Прахок — непременная принадлежность кхмерской кухни. Это особым способом приготовленная рыбная масса, которую несколько недель выдерживают на солнце, отчего она приобретает острый вкус, едкий аромат и становится незаменимой приправой к вареному рису. Готовят прахок в январе — феврале, потом хранят в больших глиняных чанах. Запасов обычно хватает на год, а затем — снова в путь-дорогу. К реке…»

(Текст из журнала «Вокруг света»)

— По коням, хлопцы, — говорю я по-русски, и мне кажется, что только мой философический шофёр Муй понял, о чём я говорю.

— Едем? — повторяю уже по-французски.

Сомарин и гвардия загружаются в «Лендровер». Я сажусь рядом с Муем. Пашка устраивается на заднем сидении «Лады» и обиженно сопит. Я молчу.

— Шеф… — начинает Павел…

— Паша, не обижайся, но давай без объяснений. Ну, забыл аккумуляторы. С кем не случается. Вот только возвращаться — плохая примета. Не в Хошимин едем…

Дорога № 1, соединяющая Пномпень с городом Хошимин (Сайгоном), — самая густонаселённая и самая безопасная по всей Кампучии. Остальные проблемны. Та, по которой предстоит ехать нам, особенно во второй день, самая опасная. Но и в первый мы должны приехать в Баттамбанг до наступления сумерек. А не отъехав толком от Пномпеня уже потеряли час. Хотя это не ралли Париж — Дакар, но для нас этот час важнее, чем для пилотов самых престижных авторалли.

Сначала наш эскорт поехал впереди. Но поскольку знаменитый английский внедорожник «Лендровер» пылил нещадно, а глотать красноватую густую пыль у меня не было никакого желания, то я предложил Мую ехать впереди эскорта.

Философический мой драйвер сказал: что, может быть, по-своему я прав. Но лучше бы нам глотать пыль, чем подорваться на мине.

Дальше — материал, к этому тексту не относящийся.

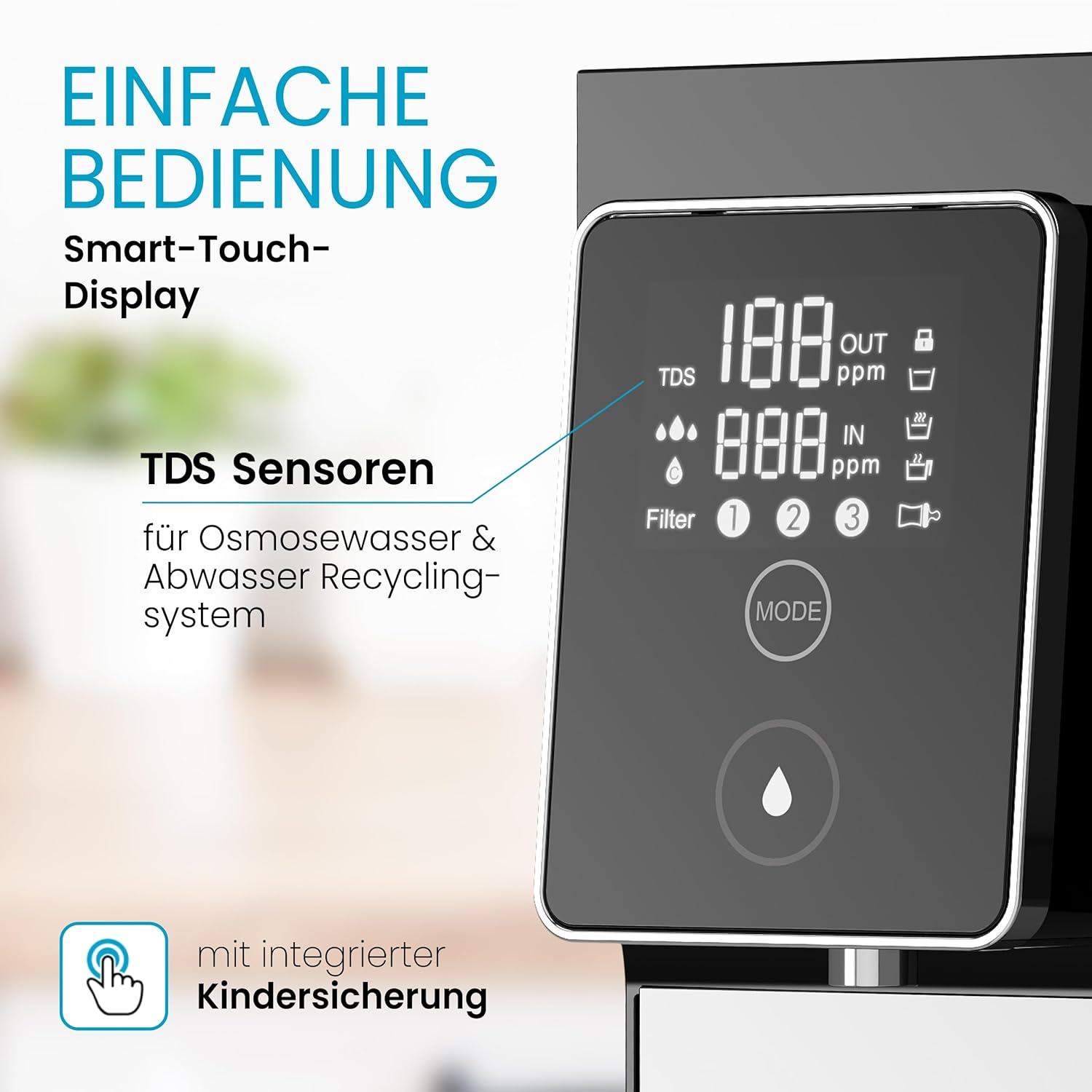 - Integriertes Smart-Touch-Display mit TDS-Anzeige

— Если мы подорвемся на мине, они сразу же развернутся и умчатся прочь. Потому что там нас наверняка ждёт засада.

— И всё же, месьё Муй, мы поедем впереди. Я люблю поиграть с судьбой. Поверь, всё будет хорошо!

— Как скажете, патрон, — вздохнул Муй, и мы перестроились. Пашка в это время уже начал сладко посапывать на заднем сидении. Он мог спать всегда и везде, потому что по ночам много раз любил свою молодую жену. Алёнка была отменно хороша. Через несколько лет они развелись. Но это было уже потом в Москве, когда жизнь вернулась в блеклый черно-белый формат.

Внимательный читатель, наверняка, обратил внимание, что в журнальном варианте путевых заметок Трубин не упоминается вовсе. Почему? В то время наши дороги сильно разошлись, но я погрешил против факта не потому, что был на него зол или обижен. Бог ему судья. Просто он как-то не вписался в композицию очерка. Это моя вина. И я исправляю эту ошибку спустя четверть века.